As we already know the compilation process involves four steps,
So the actual compilation process goes like the following:
$ gcc -E prog.c > prog.i # pre-process
$ gcc -s prog.i # assemble
$ as -o prog.o prog.s # compile
$ ld -dynamic-linker /lib64/ld-linux-x86-64.so.2 \
/usr/lib64/crt1.o \
/usr/lib64/crti.o \
/usr/lib64/crtn.o -lc prog.o # link
We will cover each of the process in detail in later sections, but the linker stage is our focus right now.
The options to ld
specify that our object code should be dynamically linked
and the dynamic linker to be used is ld-linux-x86-64.so
. The rest of the
object files are C run time code that gets compiled into the object code. This
is where the _start
comes into out object file. Every C program has a start up
code compiled in unless you explicitly say not to link start up code to the
compiler. Details about the C run time routines will be given in later in this
article.
The job of the linker is to resolve external references present in the program and appropriately map them to the libraries and other object files. In case of static linking the object code present in the libraries that are referenced by the program are directly linked into the program executable. This makes the program load faster but the size of the binary is increased. During the loading of the program, the kernel only needs to relocate the image to its new address by just adding the memory offset with the addresses present in the binary.

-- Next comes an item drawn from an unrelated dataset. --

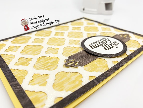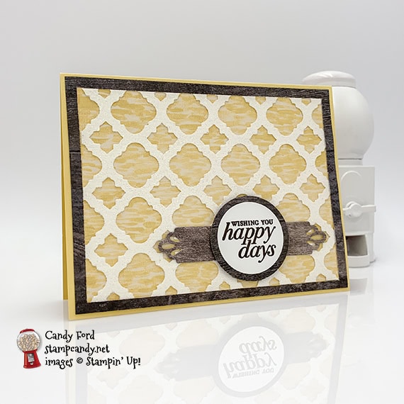 Recently I used the Florentine Filigree Thinlits Die to create a template for applying Shimmery White Embossing Paste to the front of a card. Afterward, I realized the template was covered in the paste, and of course I had to save it for another project. For today’s card, I glued the shimmery die cut template over Garden Impressions Designer Series Paper, and added accents of Wood Textures Designer Series Paper.

Static linking poses a bigger problem when many programs in the system are used the same set of code from the libraries. The combined memory of the duplicated code can impact the available memory considerably. Also when code present in a library is updated, the entire program needs to be re-linked. This is a problem for vendors as the entire binary needs to be packed and shipped.
To overcome this dynamic linking was conceived. Here, when the program linking happens, the undefined references found in the program are searched in library files and only a reference to the symbol is placed in the binary. This means, none of the code in the external libraries are in the binary. Since the references are not loaded into the binary, relocation cannot be performed until the load time.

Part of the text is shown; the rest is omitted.